The third book in a series is an entertaining mystery steeped in local lore.

Back in action on her beloved Italian island of Ischia, amateur detective Nonna Maria uses her grandmotherly wiles to prevent the killing of a carabinieri captain and to help lead a young woman to her late grandfather’s hidden treasure.
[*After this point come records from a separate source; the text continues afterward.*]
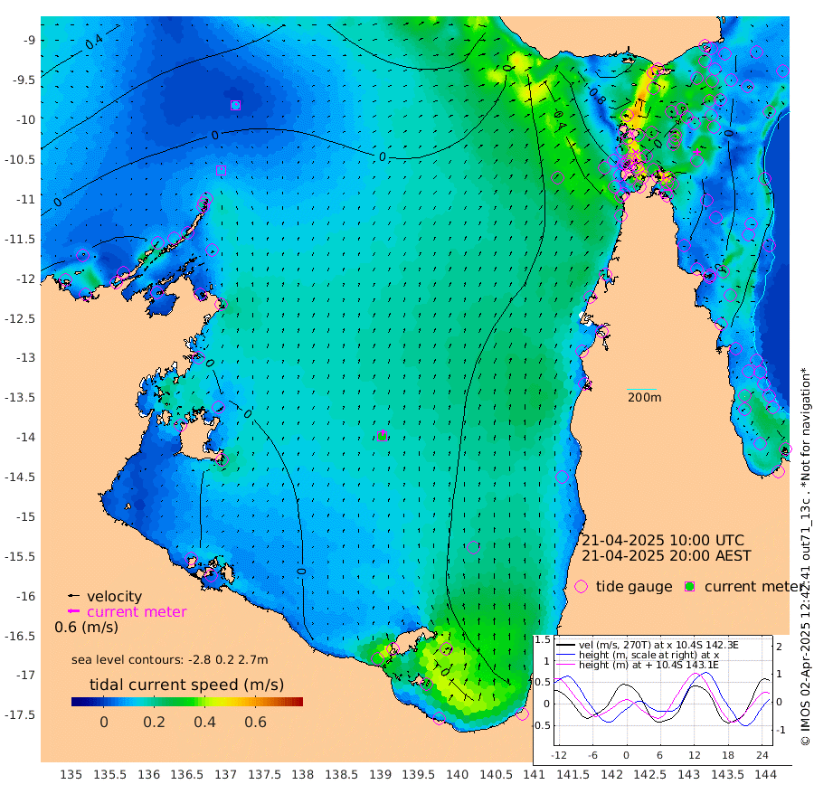 12cm/s 7T +3cm/s rms + 7cm/s -42T. ARA-GOC87 57m 33cm/s 8T +3cm/s rms + 2cm/s -2T. ARA-GOC87 60m 11cm/s 44T +2cm/s rms + 3cm/s 61T. ARA-GOC87 47m 3cm Daru 10cm Bobo Island -16cm Meer Island Barge -1cm Bramble Cay 6cm Unnamed Cay 0cm Pearce Cay 1cm Stephens Island 16cm Merrie England Shoals 15cm Mutacomal Reef -6cm Darnley Island Barge -7cm East Cay -3cm Yorke Island Barge 6cm Rennel Island 0cm Aureed Island -12cm Dungeness Reef -18cm Zagai Island -20cm Yam Island -80cm Dauan Island -56cm Saibai Island -71cm Phipi Reef -37cm Warrior Reef - West -37cm Mabuiag Island Barge 3cm Half Way Island 10cm Coconut Island -1cm Dugong Islet -6cm Poll Island -3cm Kirkcaldie Reef -11cm Suarji Island -4cm Sue Islet -71cm Hawkesbury Island -14cm Alert Patches -10cm Twin Island -68cm Badu Island -20cm St Pauls (Moa Island) -63cm Kubin (Moa Island) -29cm Ince Point -37cm Thursday Island -36cm Nardana Patches -58cm Turtle Head -54cm Round Island -74cm Goods Island -73cm Booby Island -57cm White Rocks Area -34cm Carpentaria -10cm Papou Point -56cm Bampfield Head -56cm Crab Island -65cm Red Wallis Island -68cm Packe Island 18cm Harrington Reef -82cm Herald Camp 0cm Sharp Point -34cm Red Island Point -22cm Possession Island 3cm Alpha Rock 2cm Frederick Point 17cm Wyborn Reef Light 14cm Tetley Island -15cm Triangle Reef 11cm Turtle Head Island -16cm Maclennan Cay -19cm Raine Island 5cm Mcsweeny Reef 4cm Collette Reef -13cm Shadwell Reef 5cm Hannibal Island 2cm Round Point -45cm Vrilya Point 0cm Cape Grenville -9cm Hicks Island -22cm Sir Charles Hardy Island -2cm Harvey Island -1cm Kay Reef -16cm Rocky Island -17cm Chapman Island -16cm Ham Reef -17cm Jubilee Reef -16cm Night Island -13cm Unnamed Reef No. 3 -14cm Morris Island -24cm 1st 3 Mile Opening -19cm Creech Reef -10cm Fife Island -24cm Eden Reef -13cm Stanley Island -8cm Normanby River -20cm Yabooma Island -28cm Hutchison River -15cm Elcho Island -14cm North West Crocodile Island 9cm Cape Wessel 1cm Stevens Island -15cm Guluwuru Island -3cm Hopeful Bay 2cm Auster Point -11cm Two Island Bay -33cm Cadell Strait -10cm Mallison Island -11cm Melville Bay (Gove Harbour) -9cm Truant Island -6cm Cape Arnhem 14cm Cape Grey 13cm Hawk Island 42cm Milner Bay (Groote Eylandt) 35cm Cape Beatrice 54cm West Island 56cm Centre Island 6cm Mornington Island 10cm West Wellesley Islands -10cm Bountiful Island -2cm Albert River Mouth 22cm Sweers Island -6cm Karumba -40cm Nassau River Offshore -61cm Christmas Creek -57cm Archer River -58cm Boyd Point -73cm Weipa (Humbug Point) -37cm Pennefather River -58cm Cullen Point
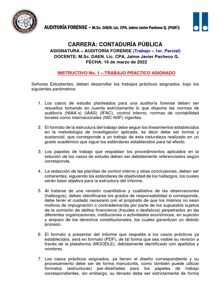 ASIGNATURA – AUDITORÍA FORENSE (Trabajo – 1er. Parcial)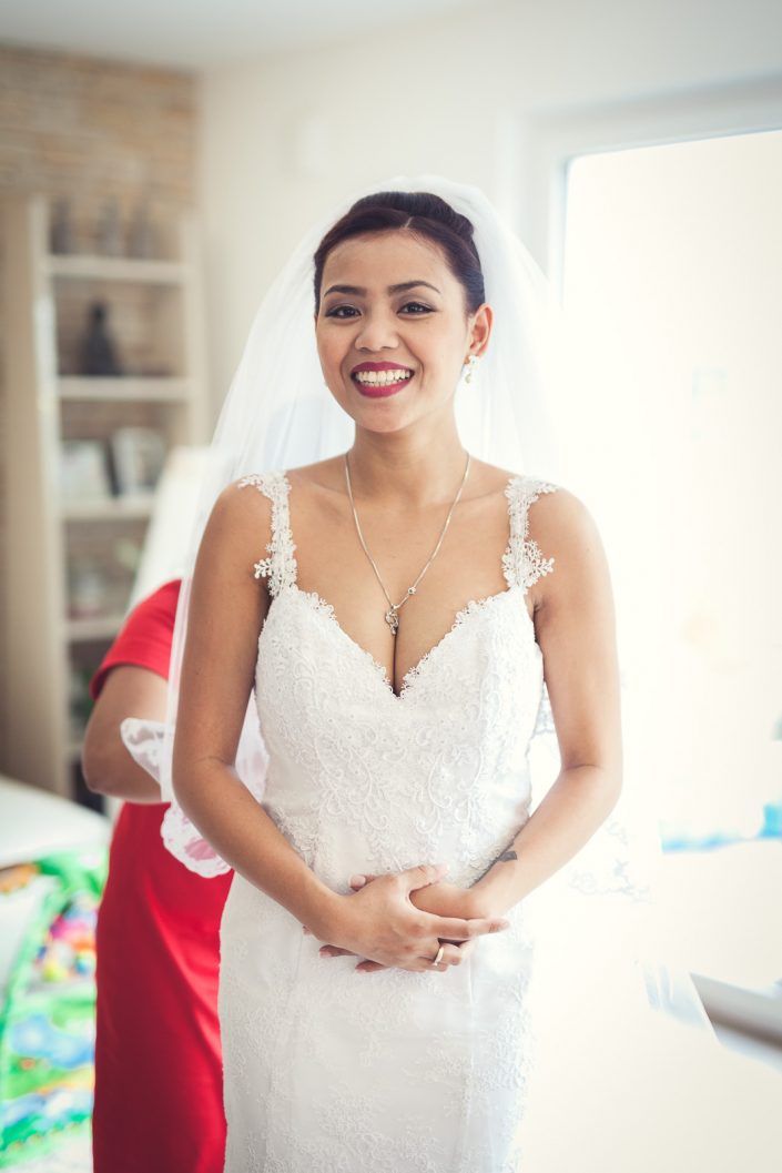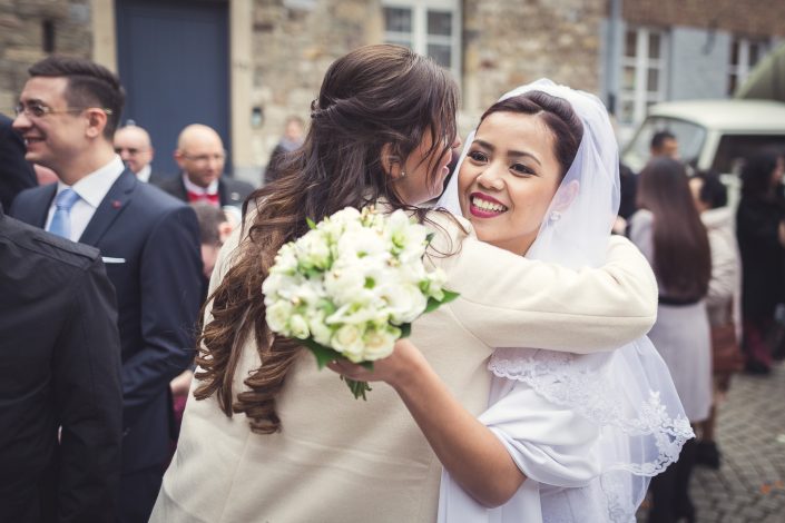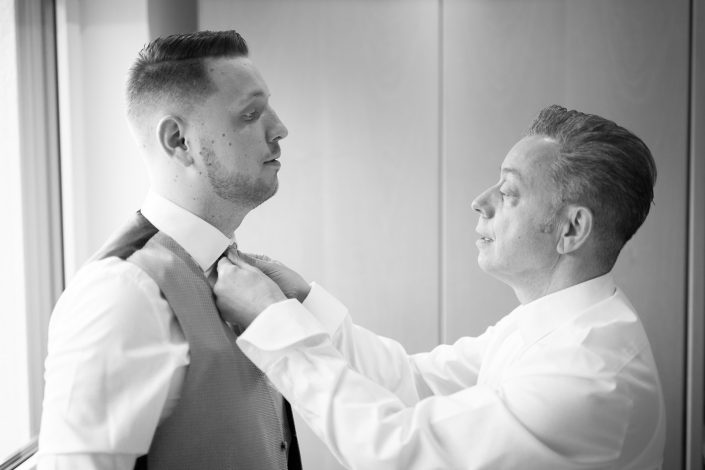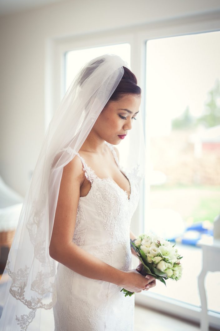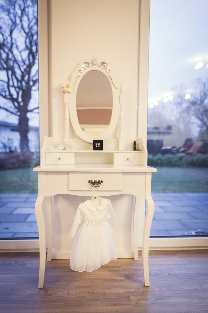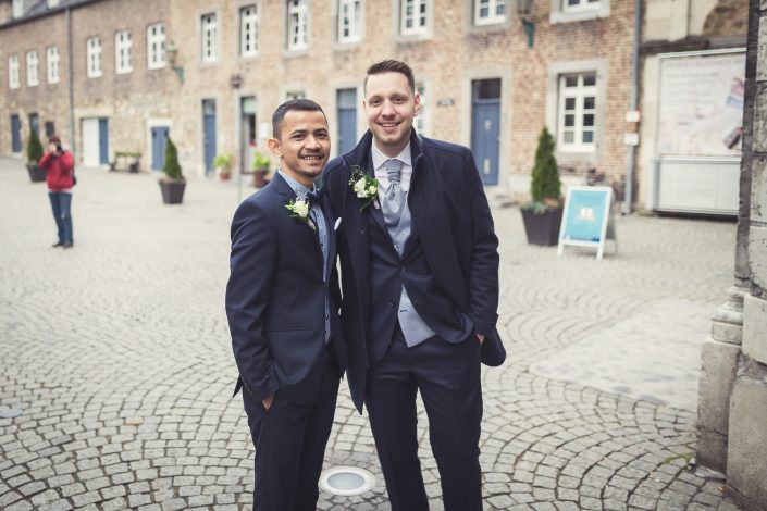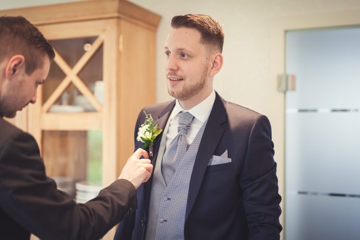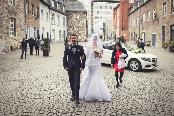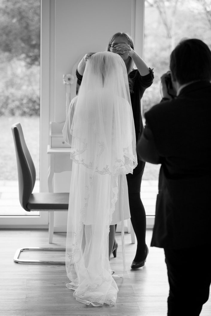 2017 starteten wir bereits im Februar mit unserer ersten Hochzeit. Begleitet haben wir Petra und Thomas bei ihrer kirchlichen Trauung im Aachener Dom und anschließender Feier auf Schloss Vaalsbroeck. Wir starteten schon am frühen Morgen bei Petra Zuhause. Dort wurde sie von einer Stylistin im Beisein ihrer Freunde und der Familie gestylt. Nach den ersten Getting-Ready Fotos von Petra fuhren wir ein paar Straßen weiter zu Thomas, der sich bei seinen Eltern in Schale warf. Von dort aus ging es für uns noch einmal rüber zur Braut, wo wir die letzen Detailaufnahmen vom Anziehen, dem Kleid und den Accessoires machten konnten.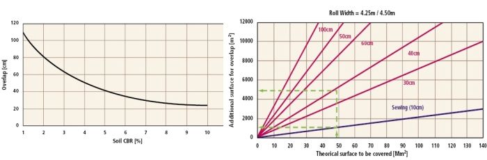 The two following graphs show the amount of extra DuPont™ Typar® needed, depending on the calculated surface area and the overlap width.
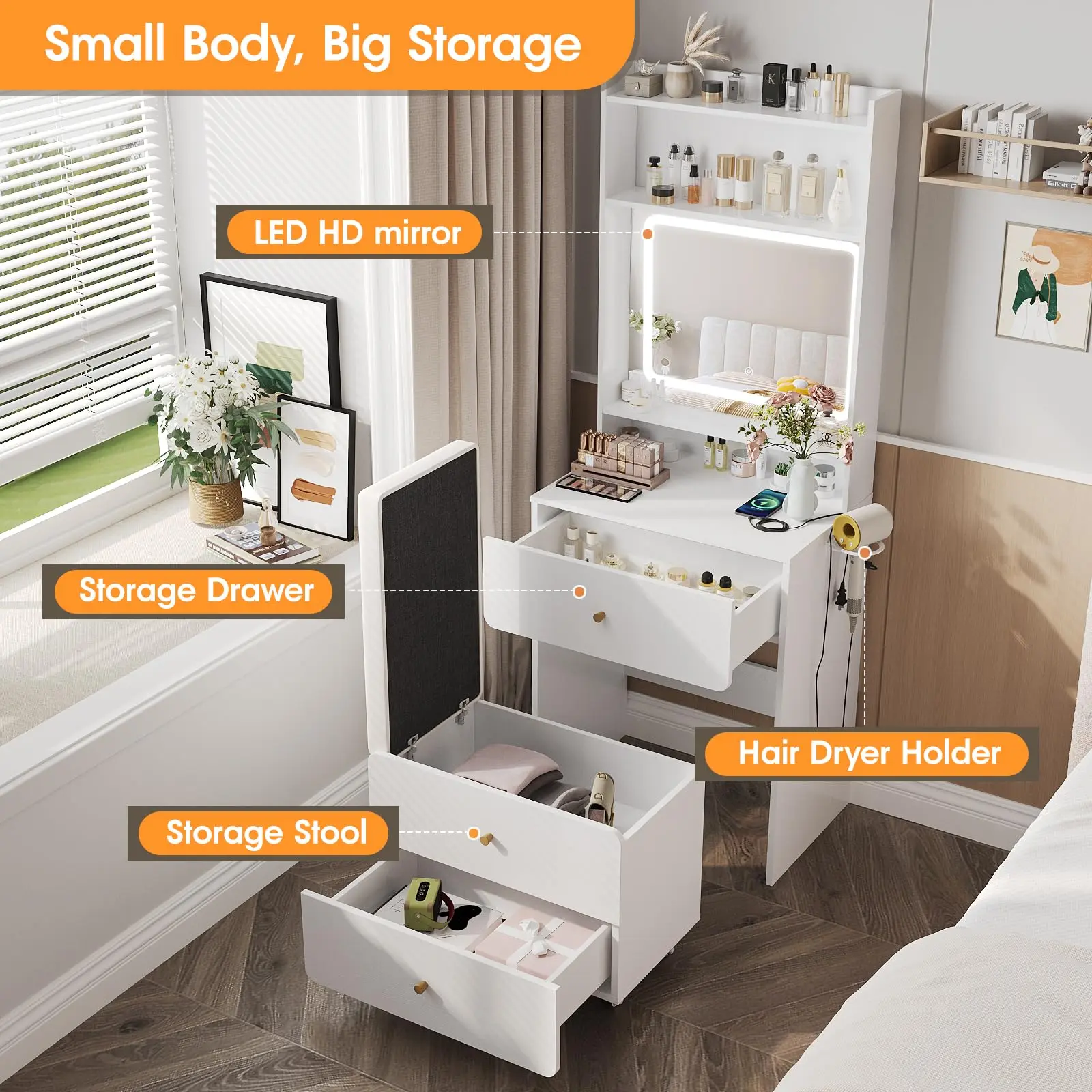 【Small but Large Capacity】This makeup table has a large drawer and a spacious top with shelves above it, providing plenty of storage space and allowing you to easily reach everything you need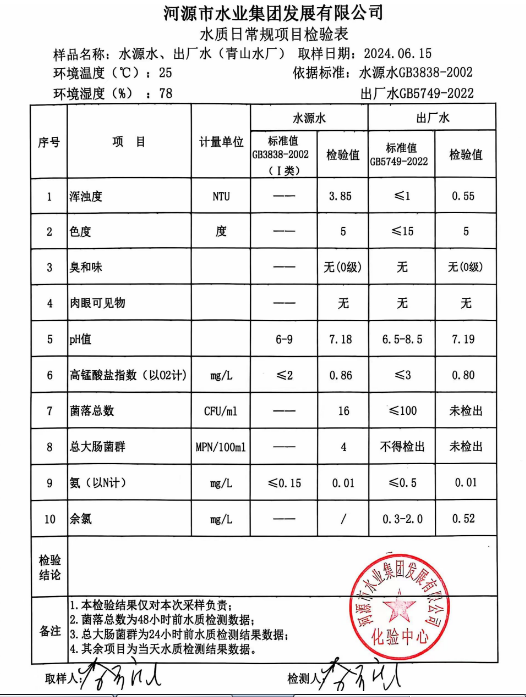2024年6月15日水質(zhì)檢驗(yàn)報(bào)告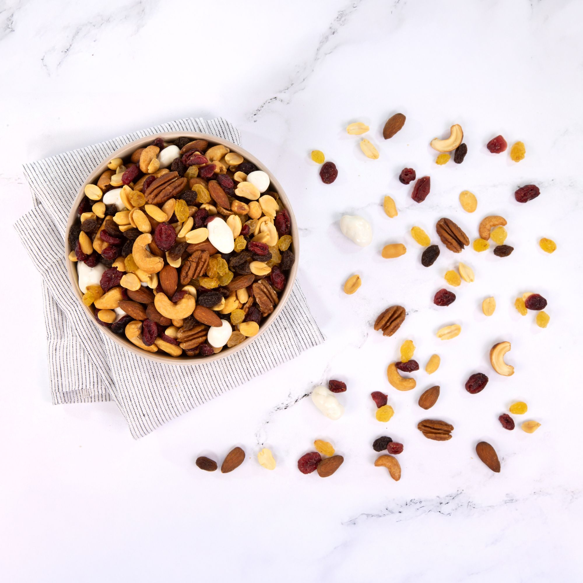 A blend of peanuts, dried cranberries, raisins, yogurt flavored covered raisins, golden raisins, almonds, cashews and pecans. This blend is perfect as an afternoon snack. Just the right amount of sweetness and crunchiness.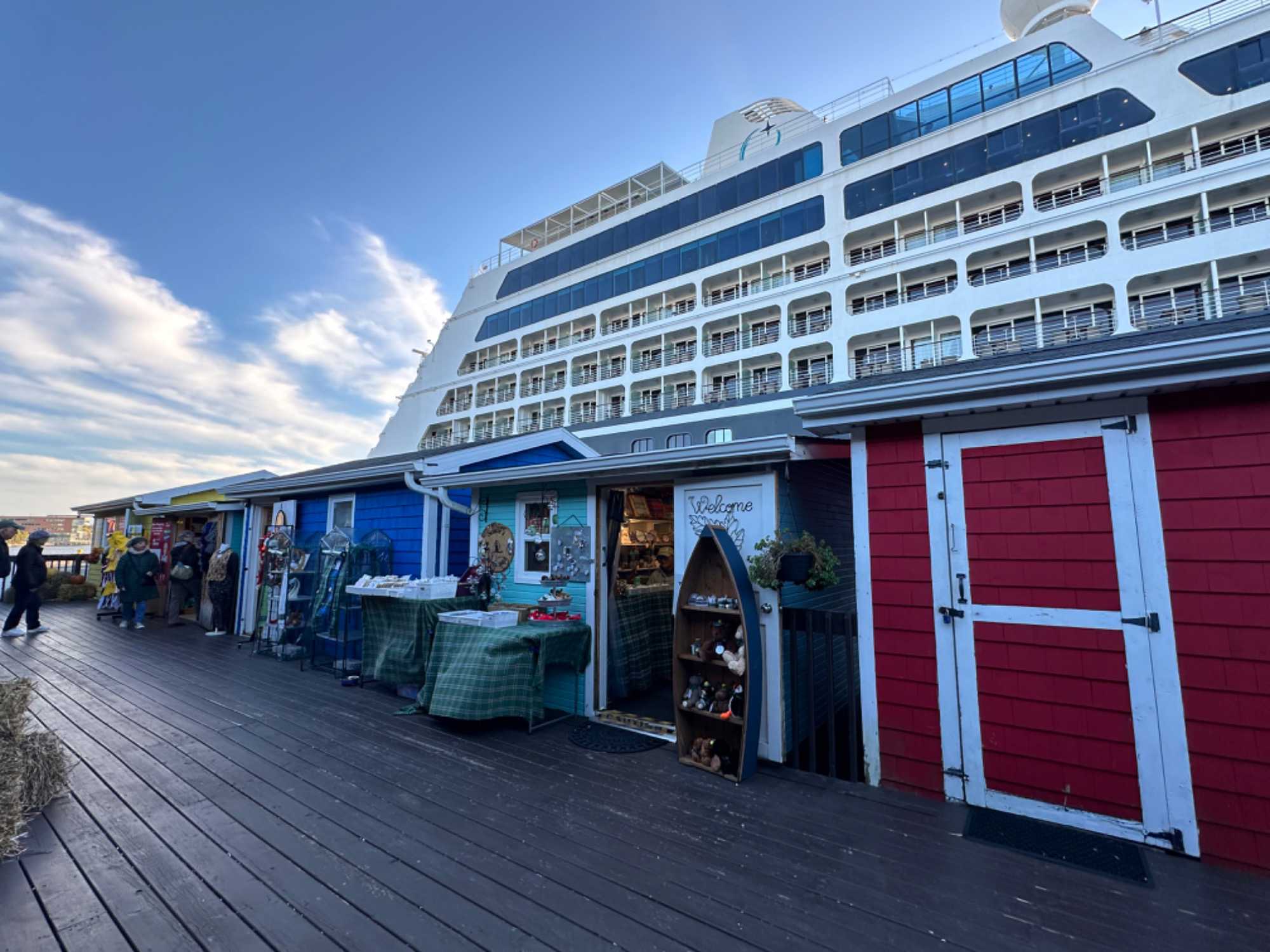 Quelle superbe croisière nous réalisons tous ensemble sur notre beau navire d’Azamara! Une superbe chimie de groupe s’est installée parmi mes voyageurs et nous partageons de très agréables moments tous ensemble. Mes voyageurs qui ne sont pas compliqués du tout me rendent la vie bien facile et ils s’adaptent à tout sans aucun problème. Merci à tous! Nous naviguons aujourd’hui vers l’île du Cap Breton pour arriver dans la petite ville de Sydney. La température est parfaite et nous pouvons profiter de marcher sur les ponts. Bien entendu, nous devons bien nous couvrir car le vent de la mer à cette période est assez frais pour ne pas dire froid. Mais bien habillés plusieurs voyageurs marchent sur le pont supérieur en respirant le bon air marin à plein poumons. Nous arriverons en après-midi dans la ville de Sydney en Nouvelle-Écosse. C’est une ville portuaire de Nouvelle-Ecosse, située sur l’île du Cap-Breton. La ville est connue pour une monumentale sculpture, représentant un violon et son archer, édifiée pour honorer la musique celtique traditionnelle qui colle à la ville. Comme la fête de l’Halloween approche ils ont même ajouté un squelette qui est assez impressionnant. Les habitants sont tellement sympathiques à Sydney et ceux qui nous accueillent au port et dans les magasins aménagés dans le terminal de croisière sont souriants et vraiment gentils. C’est toujours un plaisir pour moi de faire un arrêt à Sydney qui est une charmante ville toute tranquille mais avec beaucoup de charmes. Comme nous arrivons à 16 h 00 sous un beau soleil, quelques voyageurs en profitent pour aller faire quelques pas à l’extérieur et visiter les kiosques où les artisans nous attendent avec leurs produits locaux. Et oui, j’ai réussi à faire quelques achats, une des dames exposait ses bijoux faits à partir de SeaShell qui étaient très originaux.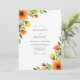 Vibrant watercolor wildflowers in shades of marigold and yellow dance across a clean white backdrop. This hand-painted design features delicate poppies and budding blossoms accented by lush green foliage. The aesthetic is bright and airy, perfect for a sunny outdoor ceremony or a joyful warm-weather event.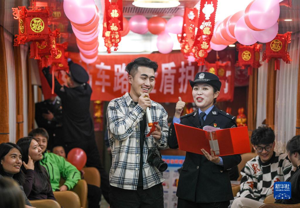 元宵節來臨之際,烏魯木齊鐵路公安局烏魯木齊公安處乘警支隊民警登上網紅列車“中國雪都·阿勒泰號”冰雪旅游專列舉辦活動,與天南海北的旅客一起迎接元宵節,同時向旅客宣傳乘車安全知識,讓安全伴隨旅途。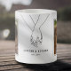 Cute couple valentines day mug featuring a line drawing of a couple holding hands, 2 photos for you to replace with your own, the couples names, and the year established.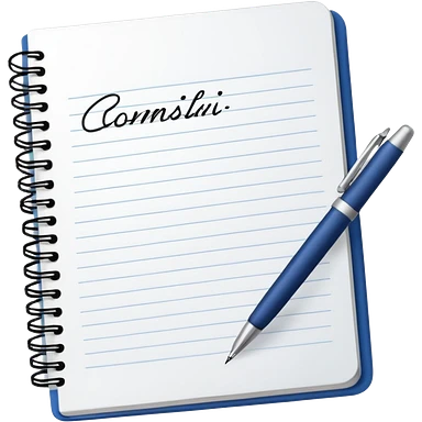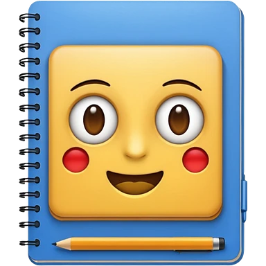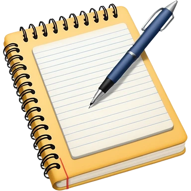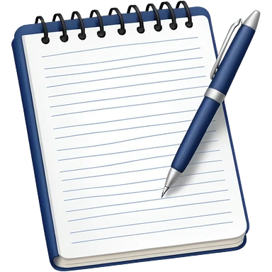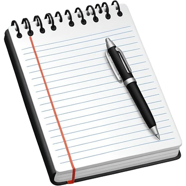 notebook with lined paper with cursive writing and a pen ontop emoji

Nearly a decade ago, before he settled in Ischia, the old widow’s friend Captain Paolo Murino and his team of carabinieri took down the notorious Red Squad mob and its ruthless boss, Guido Ostino, up in Florence. From prison, Ostino has plotted a revenge killing, which Nonna and another friend, a reformed hit man called Il Presidente, hope to thwart. The unknown treasure is in one of the caves on Ischia where contraband and other stuff has been hidden for decades. Nonna calls on a duo that knows the caves, dubbed the Magician and the Pirate, to find the goods, which rival treasure hunters will do anything to lay their hands on. In both cases, Nonna Maria isn’t fazed about the possible risks to herself. Her paramount concern is to help friends in need, whatever their backgrounds—making sure they’re properly caffeinated and fed with great home-cooked meals. Though the dual plots are nicely handled, the novel is best enjoyed for its history and culture. Carcaterra takes us back centuries to the Cemetery of Dead Nuns, where the bodies of nuns of a certain order were left in seated positions on stone “death chairs.” He introduces us to the Mourners, a group of women formed in 1943 who lost husbands and sons in the Allied bombings of Italy and were determined to “cause chaos for the enemy.” As for the hundreds of cases of wine supposedly hidden in the caves—“That’s my idea of a lost treasure,” says Nonna Maria.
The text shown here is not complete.